Mustafa Nukić (born 3 December 1990) is a Slovenian footballer who plays as a forward for Olimpija Ljubljana.

In a journeyman career, he made over 130 Slovenian PrvaLiga appearances for Celje, Triglav Kranj, Koper, Bravo and Olimpija Ljubljana. He contributed 17 goals as Bravo won the Slovenian Second League in 2018–19.

Career
Born in Vlasenica (now in Republika Srpska, Bosnia and Herzegovina), Nukić and his mother immigrated to Ljubljana, Slovenia when he was 18 months old due to the outbreak of the Bosnian War. He was raised in refugee accommodation in Vič, where he was joined by his father and stayed there until the sixth grade of primary school. Prohibited from going to kindergarten, he did not meet Slovenians until he began primary school. He was a childhood fan and youth player for Olimpija Ljubljana. 

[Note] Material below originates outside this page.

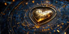 Golden Heart Glyphs: Mystical Symbols and Sparkles Surround a Radiant Heart, a Love Spell in Light.

Nukić spent his early career with several teams in the Slovenian PrvaLiga and Slovenian Second League, including Koper, a team that he called the best organised in Slovenia, but also the worst experience of his career due to disagreements with manager Rodolfo Vanoli. For three years, he studied economics at university, while working for office supply company Extra Lux. He had the only foreign footballing experience of his career in 2015 at Annabichler SV in the Austrian Regionalliga (third tier), an experience he disliked because of the long driving distances.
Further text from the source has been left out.